Come pure è da raccomandare che non si facciano parlare ai figlioli le lingue straniere che
sanno o che imparano, quando sono presenti persone estranee alla famiglia. Oltre ad essere
un'affettazione vana, può anche darsi il caso che metta nell'imbarazzo un fior di galantuomo che
senza valer meno di nessuno per intelligenza, non ha imparate le lingue straniere.
-
- -
Ed ora le loro bimbe si sono fatte grandi. Sono signorine. Bisogna aver pazienza, signore
mamme, e cangiar modo di vivere. L'abbonamento alla commedia bisogna lasciarlo, le signorine
non vanno alla commedia, ed una mamma per bene, non le lascia sole tutta la serata in casa per
andarci lei.
Può condurla al pattinaggio, al gioco del lawn-tennis, all'opera; ai balli di famiglia, e
dopo i sedici anni, anche ai grandi balli.
* Ma, * scusino, mi rincresce dirlo, so che è un sacrifizio; * tuttavia.... che farci. Una
mamma che accompagna una signorina non deve nè ballare, nè pattinare, nè giocare al lawn-
tennis.
* Quando è decrepita forse?
Nossignora, anche quando non lo è.
* Ma io sono tutt'altro che vecchia....
* Lo so, si figuri! Chi mai è vecchio a questo mondo? Ma lei accompagna una
signorina....
* Ma io non ho che trentanove anni, undici mesi e ventinove giorni.
* Ma accompagna....
* Una signorina, ho capito; ma, dacchè son giovine anch'io....
* Ma!
Del resto possono ballare, se vogliono, e giocare e pattinare. Chiunque possiede due
gambe, e due braccia, può fare tutte queste cose. Ma allora non mi domandino se è conveniente.

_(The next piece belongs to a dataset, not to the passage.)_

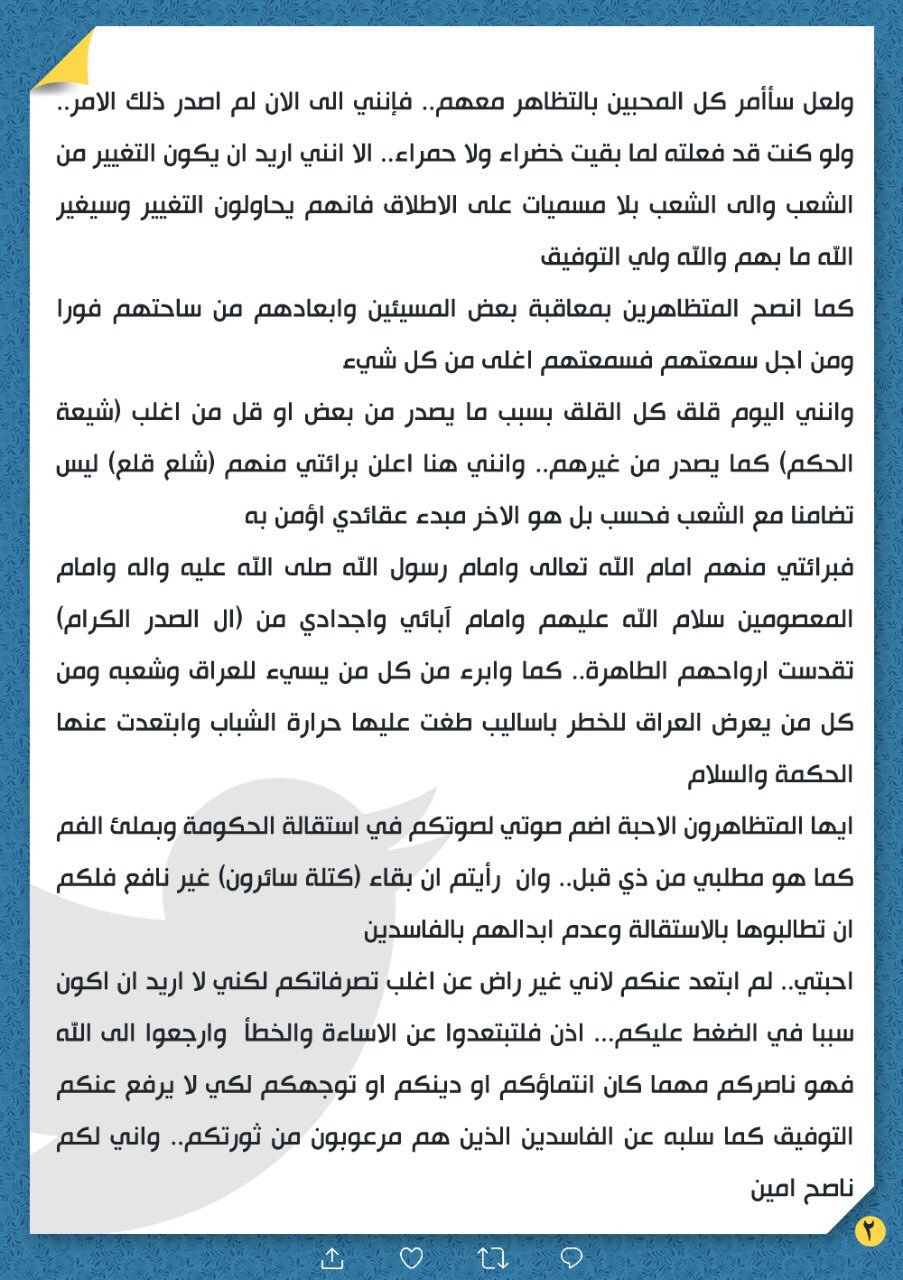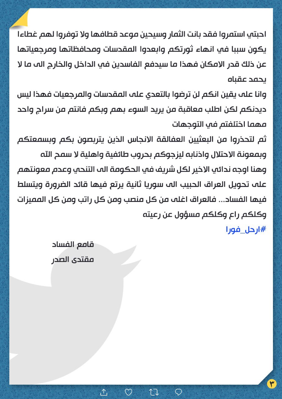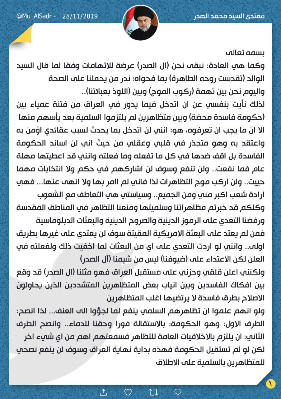 وكتب الصدر على حسابه في موقع تويتر "نداء لكل شريف في الحكومة إلى التنحي وعدم المساعدة في تحويل العراق إلى سوريا ثانية يرتع فيها قائد ضرورة ويتسلط فيها الفساد".

Altrimenti sono costretta a dire di no. Una signora che accompagna una signorina non deve
prendere parte attiva ai divertimenti giovanili ai quali prende parte sua figlia; eccettuato alle
commedie da salotto ed ai concerti se sa di musica perchè l'arte è di tutte le età.
-
- -
I maestri a cui una madre affida l'istruzione ed in parte l'educazione dei suoi figli,
debbono godere tutta la sua stima e la sua fiducia. Dovrà dunque accompagnare in persona per la
prima volta i fanciulli alla scuola, ed in seguito fare ai maestri quelle visite di dovere, che fa ai
vecchi parenti ed ai superiori.
Se i professori dei figli sono giovani e la madre pure è ancora giovine, supplirà alle visite
di dovere che non può fare, invitandoli alle sue riunioni.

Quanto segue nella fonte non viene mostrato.